• Items from a dataset
----

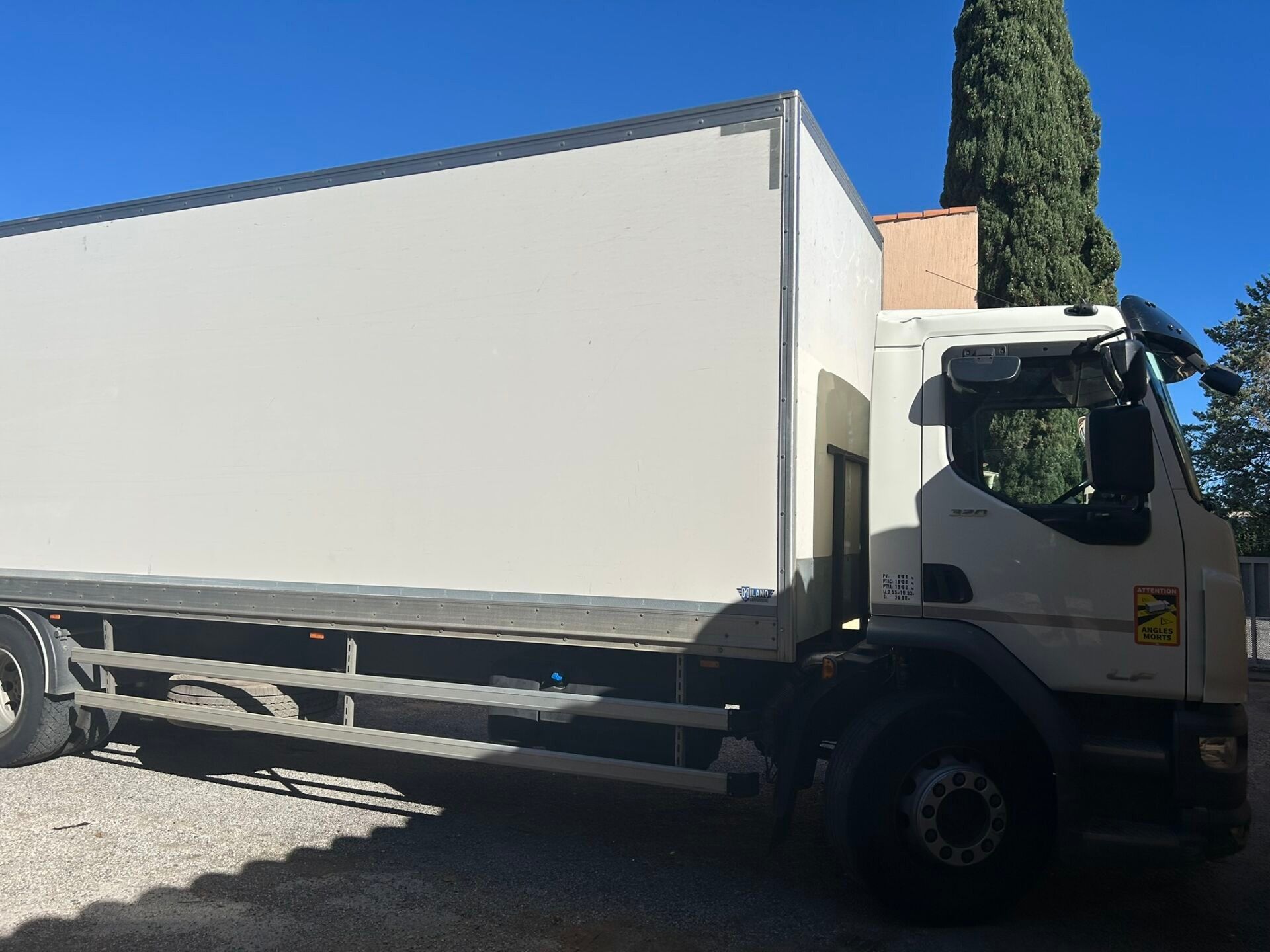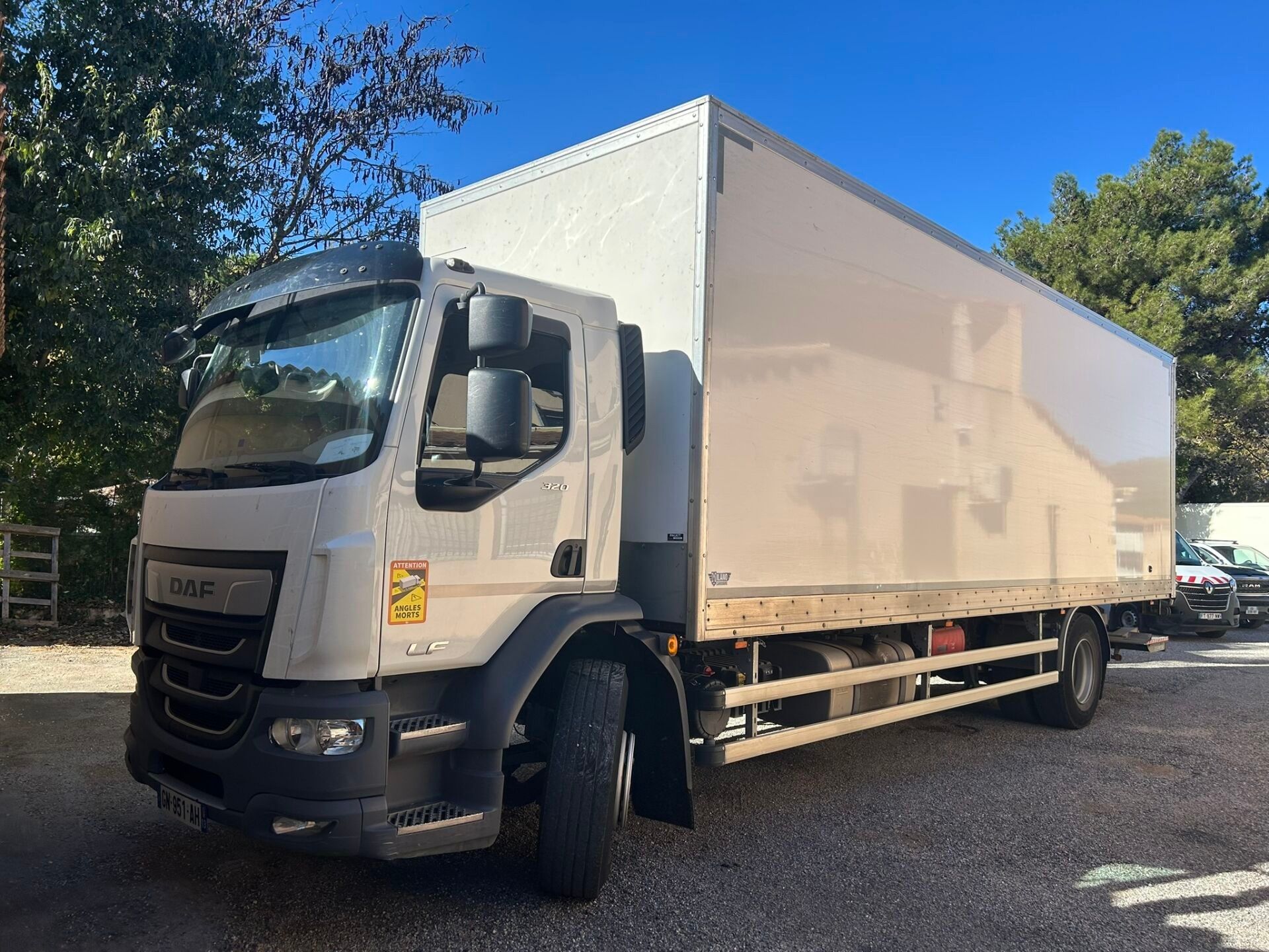 LF 320 CAISSE MESSAGERIE AVEC HAYON PLIANT DHOLLANDIA TYPE LF310FA DAF - Type : CAM - Body : FOURGON - Energie : GO - Couleur : BLANC - Kilometrage compteur : 117190 - 1ere M.E.C : 29/03/2023 - Puissance : 18 - Tva récupérable - Places : 2 - PARE BRISE CASSE PV : 8T66 GVW: 19T GVWR: 19T LXl: 2.55M X 10.55M S : 26.90M² LONG inside body length: 8.50m interior body width: 2.47m interior body height: 2.55m - Equipment : AUTOMATIC GEARBOX / ELECTRIC WINDOWS / AIR CONDITIONING / REVERSING CAMERA / CRUISE CONTROL / ELECTRIC MIRRORS
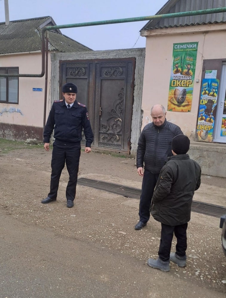 В соответствии с графиком проведения рейдовых мероприятий на территории муниципального образования «Хасавюртовский район» направленных на выявление несовершеннолетних, занимающихся бродяжничеством или попрошайничеством и выявлению лиц, достигших совершеннолетия, вовлекающих несовершеннолетних в занятие бродяжничеством или попрошайничеством на 1 квартал 2024 года, рабочая группа в составе: И.о. начальника отдела по делам несовершеннолетних администрации МО «Хасавюртовский район» Кандаурова Муратхана, инспекторов ОПДН ОМВД России по Хасавюртовскому району Атаева Ислама и Шавхалова Рамазана, обследовали общественные места и места скопления людей на территории населенных пунктов с. Кандаураул, с Новосаситли, с. Сивух, с. Тукита, с. Бамматюрт. Принятыми мерами несовершеннолетних, занимающихся бродяжничеством или попрошайничеством и лиц, вовлекающих несовершеннолетних в занятие бродяжничеством или попрошайничеством не выявлено.
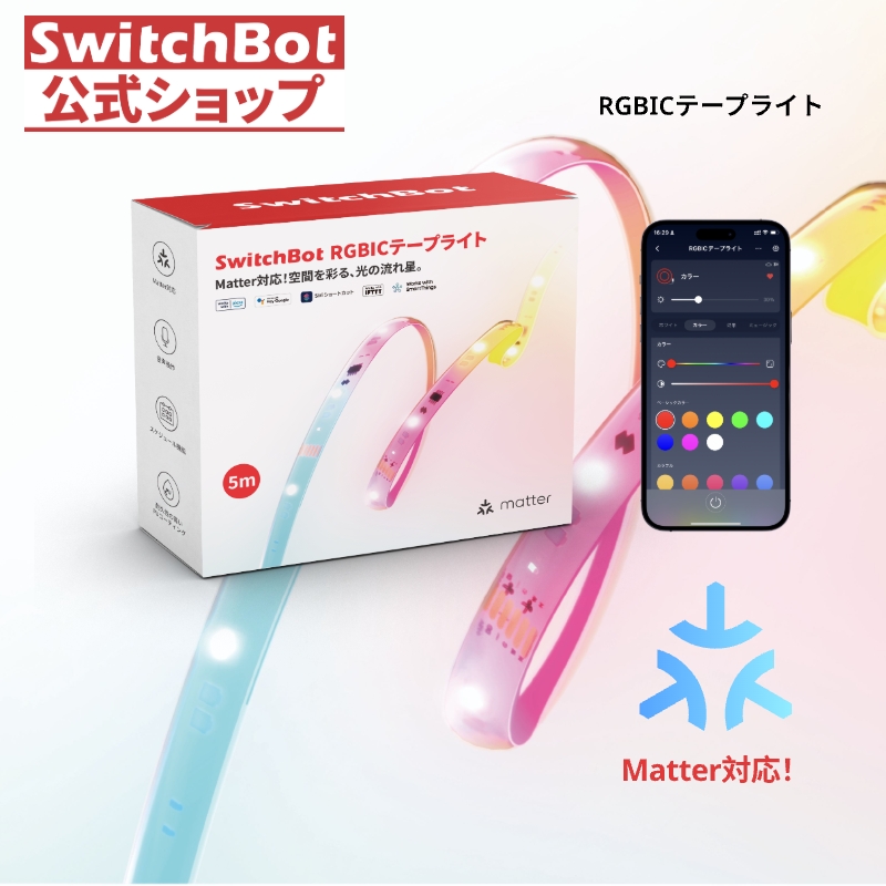 SwitchBot RGBIC LEDテープライト Matter対応 スイッチボット 間接照明 RGB ライト 1600万色 無段階調光調色 Wi-Fi Bluetoothに対応 5m 切断可能 1年保証
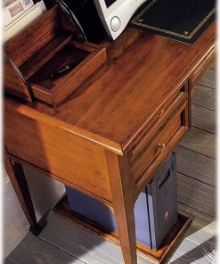Компьютерный стол с 2-мя ящиками, подставкой под процессор и выдвижной подставкой под клавиатуру, столешница выполнена в отделке из кожи. Возможны другие варианты отделки: темный мед, темный рубин, перламутр, мокка и д.р.
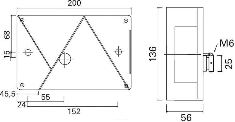 Mere dxšxv: 200x136x59mm, razmak med vijaki 152mm
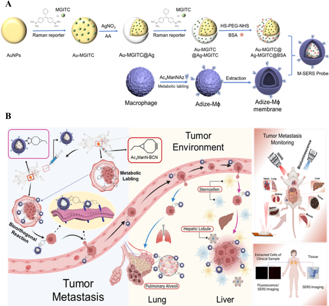 乳腺癌的转移是导致患者预后不良的核心因素。传统的检测方法存在灵敏度不足、侵入性强以及无法实时反映肿瘤微环境动态变化的问题,难以满足精准诊疗的需求。近年来,表面增强拉曼光谱(surface⁃enhanced Raman scattering,SERS)技术凭借其单分子级别的高灵敏度、优异的时空分辨率以及多重靶标检测能力,成为乳腺癌转移监测与治疗评估的重要工具。靶向肿瘤或肿瘤标志物的功能化SERS探针可以非侵入性地识别循环肿瘤细胞(circulating tumor cells, CTCs)、外泌体(exosomes,exos)及与转移相关的代谢物,实现乳腺癌转移的分子水平诊断。此外,SERS技术还可以检测药物在肿瘤部位的递送效率、释放动力学和治疗反应,为个体化治疗评估提供动态的分子图谱。本文综述了SERS技术在乳腺癌转移相关生物标志物检测、肿瘤微环境分析及疗效评估方面的最新进展,并探讨了探针靶向性优化、信号稳定性提高及临床转化的关键挑战。展望未来,随着多模态SERS探针的设计与人工智能数据分析技术的深度融合,SERS技术有望推动乳腺癌诊疗走向精准化和可视化的新阶段。
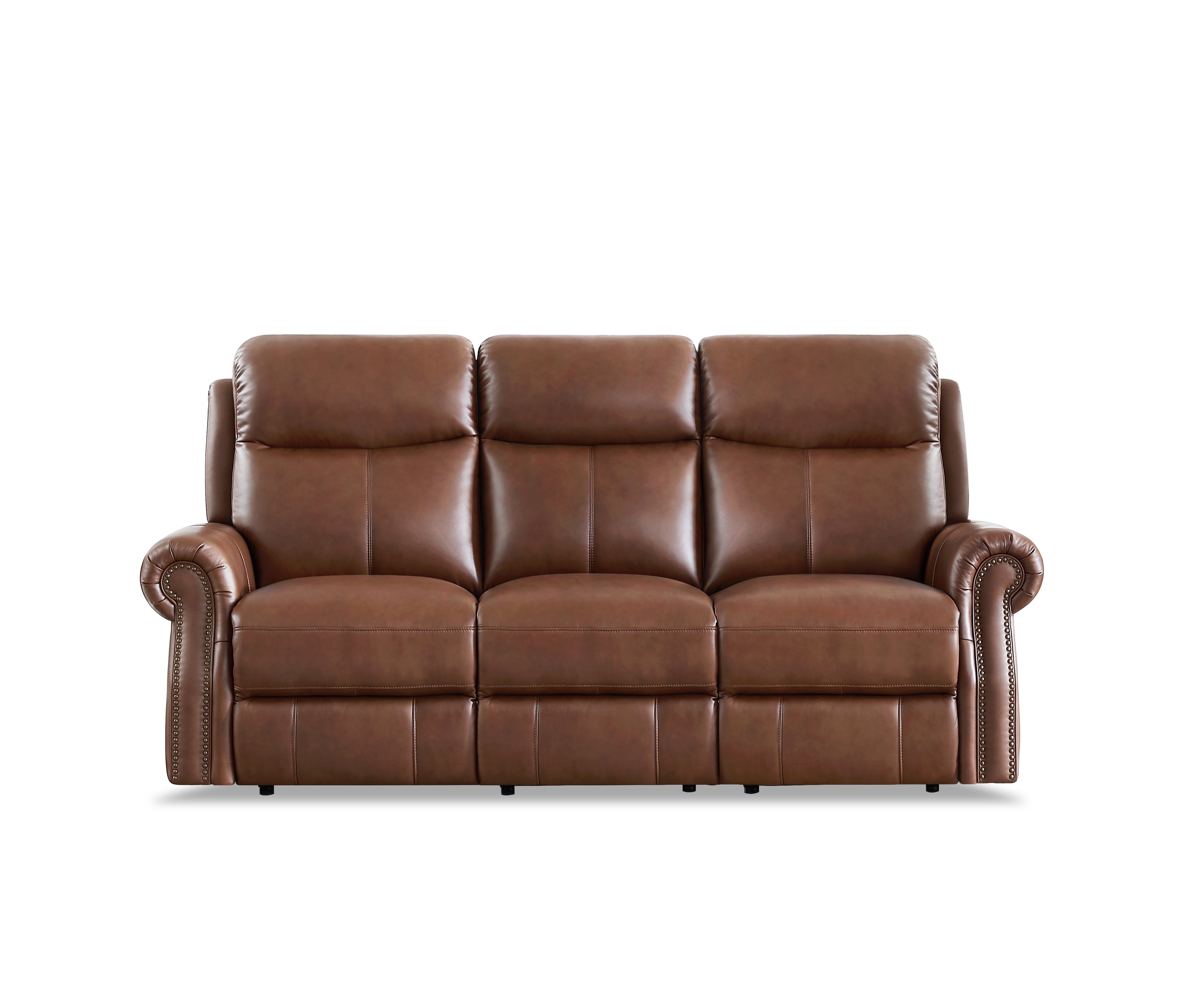 - Premium Leather: Top-grain leather is upholstered on the seating areas and armrests. Leather match is used on the sides and back.
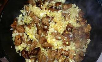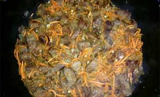 - Snijd de wortel in dunne lange reepjes en snijd de uien in halve ringen. Meng groenten met gegrild rundvlees en bruin ook. Ze mogen niet in verbrande korsten veranderen, het is beter om ze halfbakken te laten blijven.
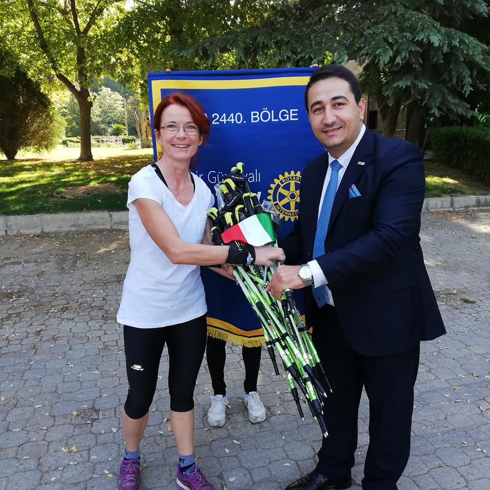 Un progetto per la diffusione a scopo terapeutico del Nordic Walking in Turchia. L’iniziativa si deve a un’idea del Rotary Club Palermo Teatro del Sole e di due italiane che vivono in Turchia, in collaborazione con un Rotary Club di Izmir. Il Nordic Walking, sconosciuto in Turchia, presenta numerosi benefici a scopo terapeutico. Il progetto prevede accordi con le università di Izmir per sperimentare e testare i benefici di questo sport e creare anche in Turchia protocolli per varie patologie. Con la consegna dei tipici bastoncini da parte del presidente del Rotary Club Palermo Teatro del Sole Nicola Bruno al Rotary Club Güzelyalı di Izmir e al suo presidente, il Sig. Serhat, prende ufficialmente il via il Nordic Walking Izmir.
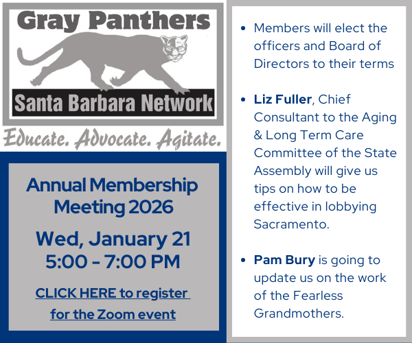 Join the Gray Panthers Santa Barbara Network for our 2026 Annual Membership Meeting! At the meeting, members will elect the officers for 2025 (Chair, Recording Secretary, Membership Secretary, and Treasurer) as well as about half of the Board of Directors for a two-year term. We welcome your input on issues you would like Gray Panthers to address in 2025. Please let us know your thoughts at: info@sbgraypanthers.org.
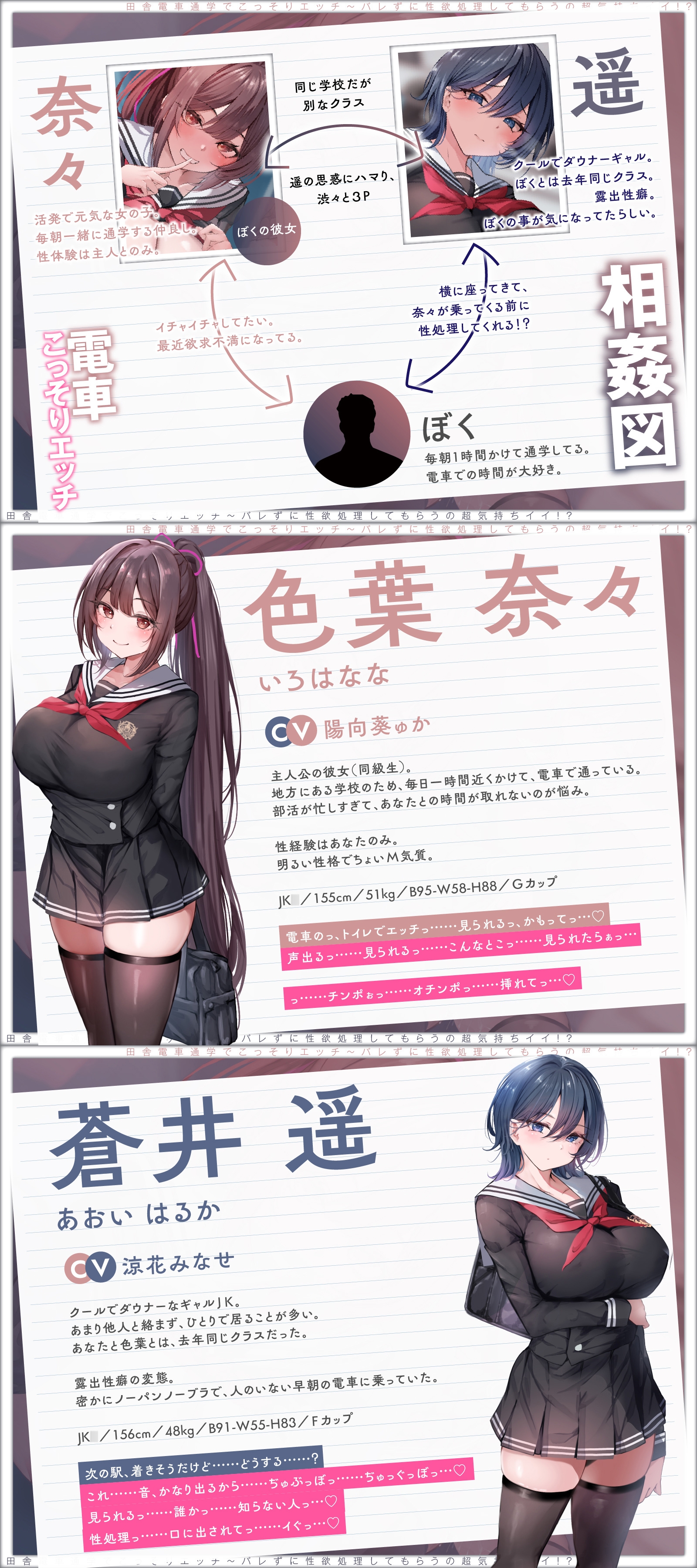 【露出×背徳】電車通学でこっそりエッチ~バレずに性欲処理してもらうの超気持ちイイ!?【JKハメ比べ】
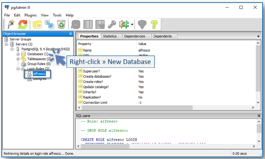 Add a Alfresco Database and User
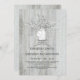 L'invitation de la fête de fiançailles en bois blanc rustique et élégant comprend des lampes à cordes, un bocal en maçon avec étiquette et initiales, et des fleurs de souffle de bébé.
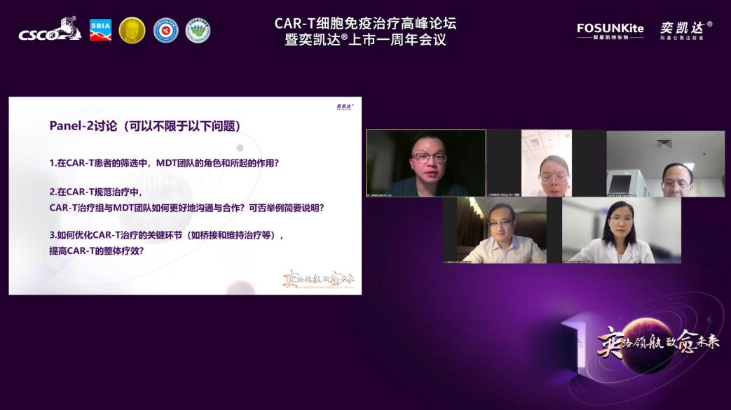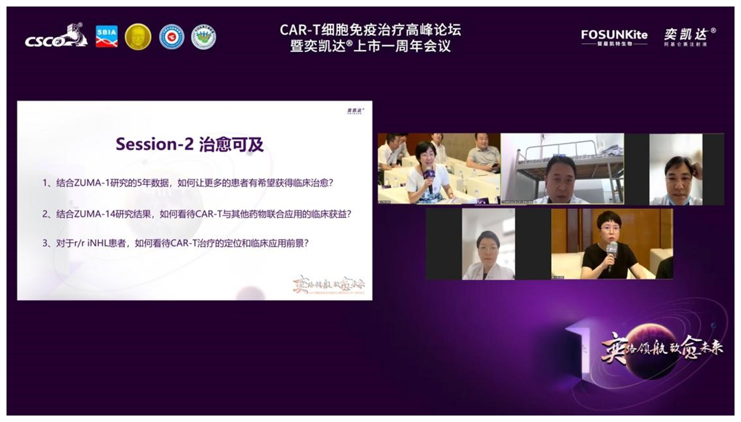 讨论环节由复旦大学附属中山医院刘澎教授主持,上海交通大学医学院附属瑞金医院吴文教授、江苏省人民医院徐卫教授、复旦大学附属肿瘤医院曹军宁教授、华中科技大学同济医学院附属同济医院肖毅教授、上海市同济医院李萍教授同Prof. YiLin、王黎教授针对CAR-T临床治愈证据与LBCL治疗目标策略展开讨论。

----

• Your task
Give back each entry verbatim but drop its pictures.

• Written reply
 LF 320 CAISSE MESSAGERIE AVEC HAYON PLIANT DHOLLANDIA TYPE LF310FA DAF - Type : CAM - Body : FOURGON - Energie : GO - Couleur : BLANC - Kilometrage compteur : 117190 - 1ere M.E.C : 29/03/2023 - Puissance : 18 - Tva récupérable - Places : 2 - PARE BRISE CASSE PV : 8T66 GVW: 19T GVWR: 19T LXl: 2.55M X 10.55M S : 26.90M² LONG inside body length: 8.50m interior body width: 2.47m interior body height: 2.55m - Equipment : AUTOMATIC GEARBOX / ELECTRIC WINDOWS / AIR CONDITIONING / REVERSING CAMERA / CRUISE CONTROL / ELECTRIC MIRRORS
 В соответствии с графиком проведения рейдовых мероприятий на территории муниципального образования «Хасавюртовский район» направленных на выявление несовершеннолетних, занимающихся бродяжничеством или попрошайничеством и выявлению лиц, достигших совершеннолетия, вовлекающих несовершеннолетних в занятие бродяжничеством или попрошайничеством на 1 квартал 2024 года, рабочая группа в составе: И.о. начальника отдела по делам несовершеннолетних администрации МО «Хасавюртовский район» Кандаурова Муратхана, инспекторов ОПДН ОМВД России по Хасавюртовскому району Атаева Ислама и Шавхалова Рамазана, обследовали общественные места и места скопления людей на территории населенных пунктов с. Кандаураул, с Новосаситли, с. Сивух, с. Тукита, с. Бамматюрт. Принятыми мерами несовершеннолетних, занимающихся бродяжничеством или попрошайничеством и лиц, вовлекающих несовершеннолетних в занятие бродяжничеством или попрошайничеством не выявлено.
 SwitchBot RGBIC LEDテープライト Matter対応 スイッチボット 間接照明 RGB ライト 1600万色 無段階調光調色 Wi-Fi Bluetoothに対応 5m 切断可能 1年保証
Компьютерный стол с 2-мя ящиками, подставкой под процессор и выдвижной подставкой под клавиатуру, столешница выполнена в отделке из кожи. Возможны другие варианты отделки: темный мед, темный рубин, перламутр, мокка и д.р.
 Mere dxšxv: 200x136x59mm, razmak med vijaki 152mm
 乳腺癌的转移是导致患者预后不良的核心因素。传统的检测方法存在灵敏度不足、侵入性强以及无法实时反映肿瘤微环境动态变化的问题,难以满足精准诊疗的需求。近年来,表面增强拉曼光谱(surface⁃enhanced Raman scattering,SERS)技术凭借其单分子级别的高灵敏度、优异的时空分辨率以及多重靶标检测能力,成为乳腺癌转移监测与治疗评估的重要工具。靶向肿瘤或肿瘤标志物的功能化SERS探针可以非侵入性地识别循环肿瘤细胞(circulating tumor cells, CTCs)、外泌体(exosomes,exos)及与转移相关的代谢物,实现乳腺癌转移的分子水平诊断。此外,SERS技术还可以检测药物在肿瘤部位的递送效率、释放动力学和治疗反应,为个体化治疗评估提供动态的分子图谱。本文综述了SERS技术在乳腺癌转移相关生物标志物检测、肿瘤微环境分析及疗效评估方面的最新进展,并探讨了探针靶向性优化、信号稳定性提高及临床转化的关键挑战。展望未来,随着多模态SERS探针的设计与人工智能数据分析技术的深度融合,SERS技术有望推动乳腺癌诊疗走向精准化和可视化的新阶段。
 - Premium Leather: Top-grain leather is upholstered on the seating areas and armrests. Leather match is used on the sides and back.
 - Snijd de wortel in dunne lange reepjes en snijd de uien in halve ringen. Meng groenten met gegrild rundvlees en bruin ook. Ze mogen niet in verbrande korsten veranderen, het is beter om ze halfbakken te laten blijven.
 Un progetto per la diffusione a scopo terapeutico del Nordic Walking in Turchia. L’iniziativa si deve a un’idea del Rotary Club Palermo Teatro del Sole e di due italiane che vivono in Turchia, in collaborazione con un Rotary Club di Izmir. Il Nordic Walking, sconosciuto in Turchia, presenta numerosi benefici a scopo terapeutico. Il progetto prevede accordi con le università di Izmir per sperimentare e testare i benefici di questo sport e creare anche in Turchia protocolli per varie patologie. Con la consegna dei tipici bastoncini da parte del presidente del Rotary Club Palermo Teatro del Sole Nicola Bruno al Rotary Club Güzelyalı di Izmir e al suo presidente, il Sig. Serhat, prende ufficialmente il via il Nordic Walking Izmir.
 Join the Gray Panthers Santa Barbara Network for our 2026 Annual Membership Meeting! At the meeting, members will elect the officers for 2025 (Chair, Recording Secretary, Membership Secretary, and Treasurer) as well as about half of the Board of Directors for a two-year term. We welcome your input on issues you would like Gray Panthers to address in 2025. Please let us know your thoughts at: info@sbgraypanthers.org.
 【露出×背徳】電車通学でこっそりエッチ~バレずに性欲処理してもらうの超気持ちイイ!?【JKハメ比べ】
 Add a Alfresco Database and User
 L'invitation de la fête de fiançailles en bois blanc rustique et élégant comprend des lampes à cordes, un bocal en maçon avec étiquette et initiales, et des fleurs de souffle de bébé.
 讨论环节由复旦大学附属中山医院刘澎教授主持,上海交通大学医学院附属瑞金医院吴文教授、江苏省人民医院徐卫教授、复旦大学附属肿瘤医院曹军宁教授、华中科技大学同济医学院附属同济医院肖毅教授、上海市同济医院李萍教授同Prof. YiLin、王黎教授针对CAR-T临床治愈证据与LBCL治疗目标策略展开讨论。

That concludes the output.